■ Instructions for the task
Below are records to be repeated exactly. Leave their pictures behind.

■ Dataset
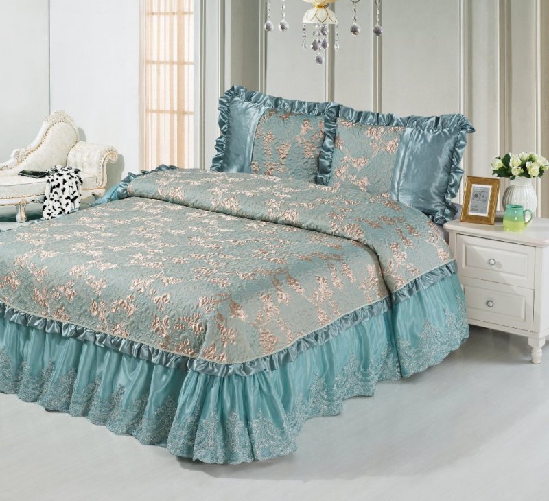 Когда покрывало украшено подзором, подобный элемент дублируется в оформлении туалетного столика, кресел, стульев. Кисти, бахрома, оборки, бусины, стразы, бантики обычно размещаются по контуру изделия, чтобы не мешали сидеть и лежать на нем.
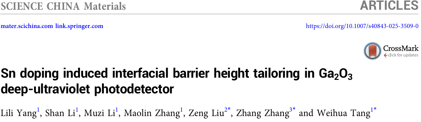 【会员论文】南京邮电大学唐为华等:锡掺杂诱导氧化镓深紫外光电探测器界面势垒高度裁剪
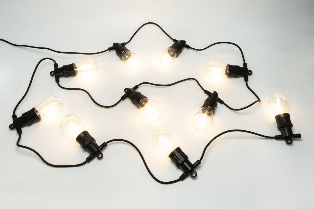 Denna ljusslinga innehåller 10 plastlampor med filamentdesign, som ger en vintagekänsla och använder energieffektiv LED-teknik. Slingan har en hållbar gummikabel, vilket gör den perfekt för utomhusbruk året runt. En utomhusadapter ingår för enkel installation, och den är idealisk för att skapa en mysig atmosfär på terrasser, i trädgårdar och vid festliga tillfällen.
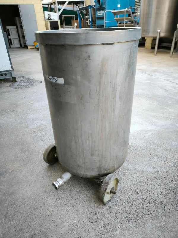 Cuve de dispersion d'occasion en acier inoxydable d'une capacité de 250 litres. Décharge par le côté avec fond incliné. Sur roues. Sans documentation.
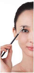 用眉粉勾勒眉型,如本身眉毛浓密度够,只需用眉粉盘中较浅的眉粉均匀涂抹于整个眉毛。再用较深色的眉粉填补眉毛空隙,两种颜色打造出来的眉毛看起来会更加立体。
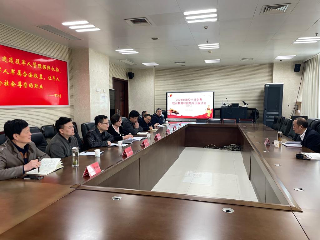 2024320日上午,九江市退役军人事务局召开2024年退役士兵免费职业教育和技能培训座谈会,全市7所承训机构工作人员参会。九江市退役军人事务局副局长陶建敏主持会议,我院党委副书记卢小澍、培训办主任仲伟佳参会。
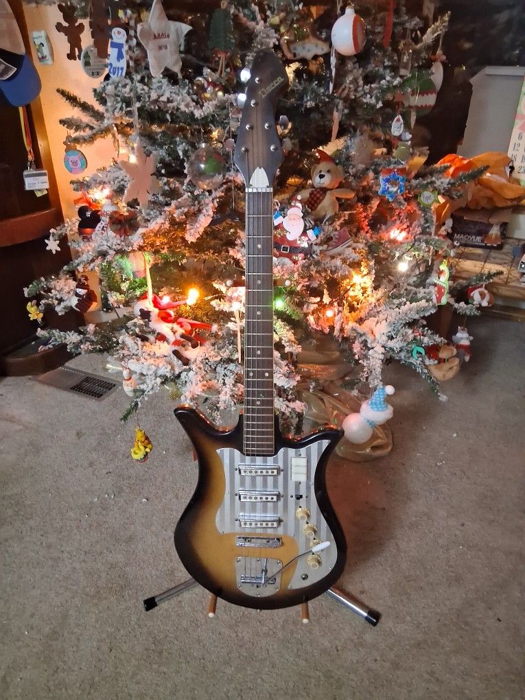 Vintage 1960's Teisco Decca Records Branded E-110 Del Rey Tulip Electric Guitar And Stand

■ Reply
 Когда покрывало украшено подзором, подобный элемент дублируется в оформлении туалетного столика, кресел, стульев. Кисти, бахрома, оборки, бусины, стразы, бантики обычно размещаются по контуру изделия, чтобы не мешали сидеть и лежать на нем.
 【会员论文】南京邮电大学唐为华等:锡掺杂诱导氧化镓深紫外光电探测器界面势垒高度裁剪
 Denna ljusslinga innehåller 10 plastlampor med filamentdesign, som ger en vintagekänsla och använder energieffektiv LED-teknik. Slingan har en hållbar gummikabel, vilket gör den perfekt för utomhusbruk året runt. En utomhusadapter ingår för enkel installation, och den är idealisk för att skapa en mysig atmosfär på terrasser, i trädgårdar och vid festliga tillfällen.
 Cuve de dispersion d'occasion en acier inoxydable d'une capacité de 250 litres. Décharge par le côté avec fond incliné. Sur roues. Sans documentation.
 用眉粉勾勒眉型,如本身眉毛浓密度够,只需用眉粉盘中较浅的眉粉均匀涂抹于整个眉毛。再用较深色的眉粉填补眉毛空隙,两种颜色打造出来的眉毛看起来会更加立体。
 2024320日上午,九江市退役军人事务局召开2024年退役士兵免费职业教育和技能培训座谈会,全市7所承训机构工作人员参会。九江市退役军人事务局副局长陶建敏主持会议,我院党委副书记卢小澍、培训办主任仲伟佳参会。
 Vintage 1960's Teisco Decca Records Branded E-110 Del Rey Tulip Electric Guitar And Stand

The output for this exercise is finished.